TASK REQUIREMENTS:
Every entry must reappear in your answer exactly as written, though its pictures must not.

---------- PROVIDED DATA ----------

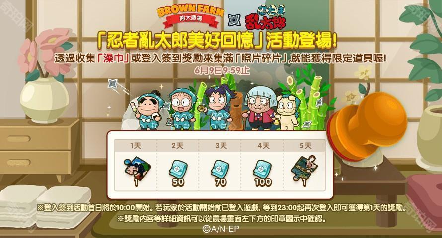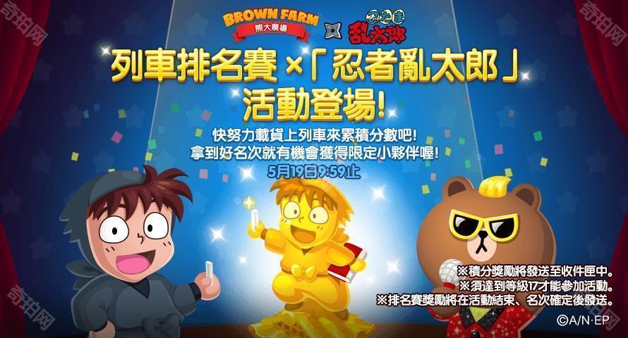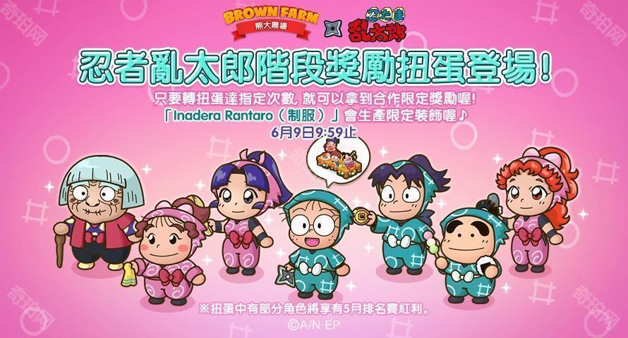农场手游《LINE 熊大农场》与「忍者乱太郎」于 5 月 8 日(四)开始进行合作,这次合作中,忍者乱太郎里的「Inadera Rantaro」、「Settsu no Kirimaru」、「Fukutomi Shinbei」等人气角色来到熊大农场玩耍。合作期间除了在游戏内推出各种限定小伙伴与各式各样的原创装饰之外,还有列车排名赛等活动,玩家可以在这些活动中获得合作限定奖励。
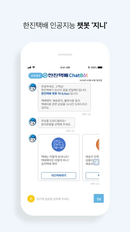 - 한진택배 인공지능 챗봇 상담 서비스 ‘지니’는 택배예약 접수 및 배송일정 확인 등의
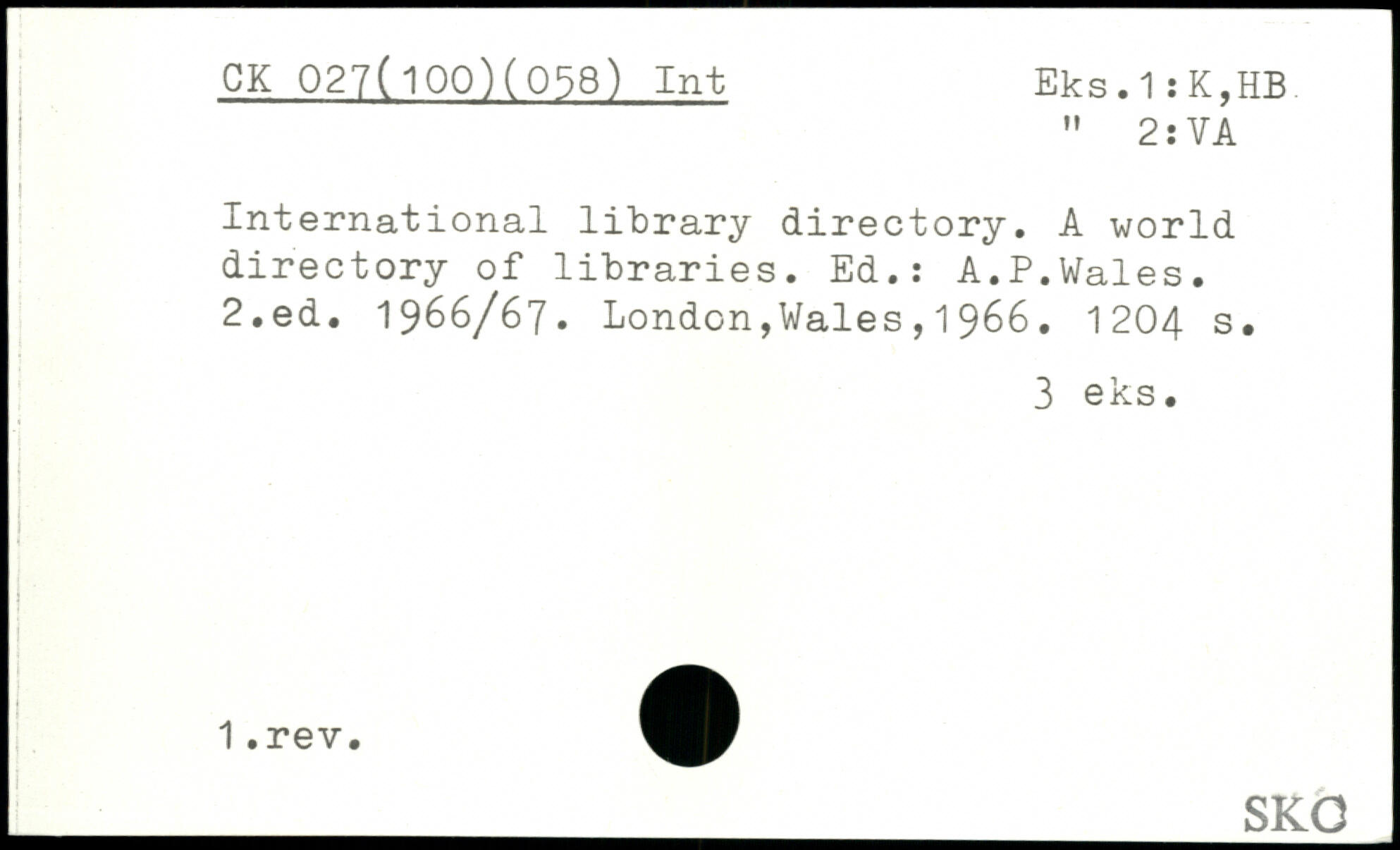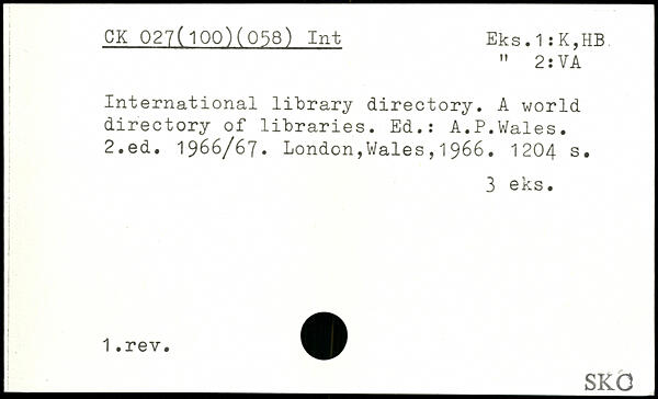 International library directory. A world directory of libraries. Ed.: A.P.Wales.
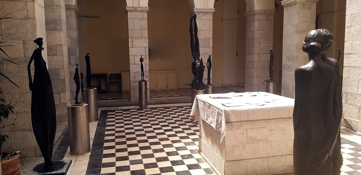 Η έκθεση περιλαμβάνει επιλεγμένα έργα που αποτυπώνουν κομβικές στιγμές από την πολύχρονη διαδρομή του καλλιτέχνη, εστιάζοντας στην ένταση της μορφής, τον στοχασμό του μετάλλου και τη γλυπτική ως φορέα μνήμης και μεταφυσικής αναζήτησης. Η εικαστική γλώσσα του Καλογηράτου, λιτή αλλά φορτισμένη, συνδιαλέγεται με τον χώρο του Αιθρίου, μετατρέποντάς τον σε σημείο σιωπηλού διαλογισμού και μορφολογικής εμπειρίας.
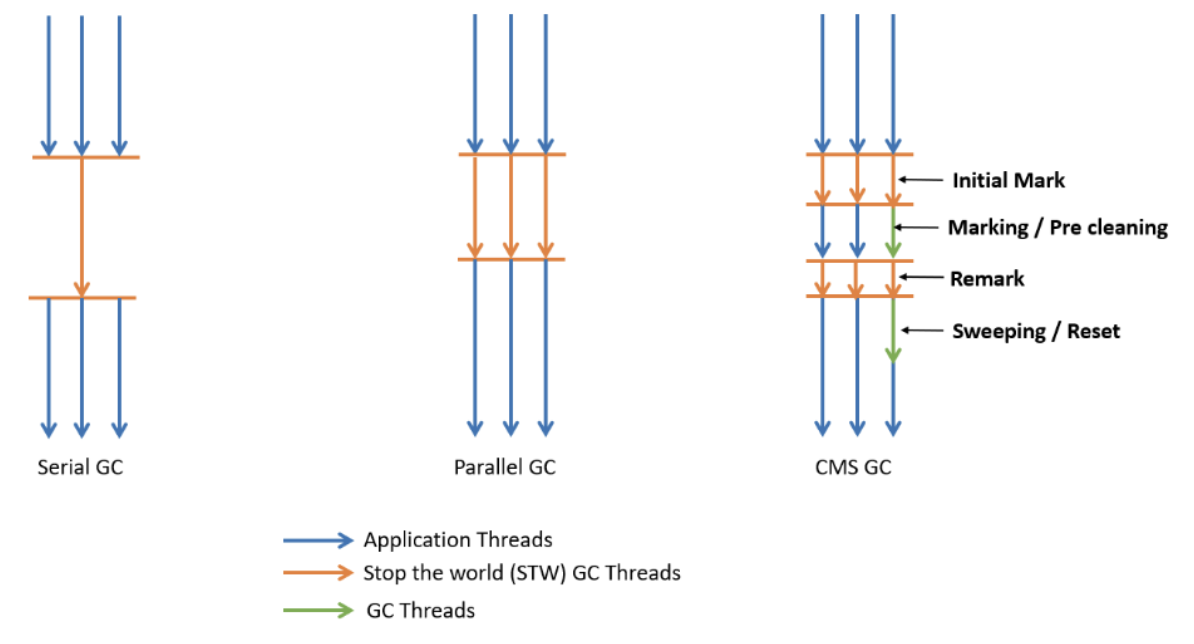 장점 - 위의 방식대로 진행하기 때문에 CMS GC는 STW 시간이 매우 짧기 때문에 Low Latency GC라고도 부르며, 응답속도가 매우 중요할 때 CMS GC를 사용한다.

----------

RESULT FOR THIS EXERCISE:
农场手游《LINE 熊大农场》与「忍者乱太郎」于 5 月 8 日(四)开始进行合作,这次合作中,忍者乱太郎里的「Inadera Rantaro」、「Settsu no Kirimaru」、「Fukutomi Shinbei」等人气角色来到熊大农场玩耍。合作期间除了在游戏内推出各种限定小伙伴与各式各样的原创装饰之外,还有列车排名赛等活动,玩家可以在这些活动中获得合作限定奖励。
 - 한진택배 인공지능 챗봇 상담 서비스 ‘지니’는 택배예약 접수 및 배송일정 확인 등의
 International library directory. A world directory of libraries. Ed.: A.P.Wales.
 Η έκθεση περιλαμβάνει επιλεγμένα έργα που αποτυπώνουν κομβικές στιγμές από την πολύχρονη διαδρομή του καλλιτέχνη, εστιάζοντας στην ένταση της μορφής, τον στοχασμό του μετάλλου και τη γλυπτική ως φορέα μνήμης και μεταφυσικής αναζήτησης. Η εικαστική γλώσσα του Καλογηράτου, λιτή αλλά φορτισμένη, συνδιαλέγεται με τον χώρο του Αιθρίου, μετατρέποντάς τον σε σημείο σιωπηλού διαλογισμού και μορφολογικής εμπειρίας.
 장점 - 위의 방식대로 진행하기 때문에 CMS GC는 STW 시간이 매우 짧기 때문에 Low Latency GC라고도 부르며, 응답속도가 매우 중요할 때 CMS GC를 사용한다.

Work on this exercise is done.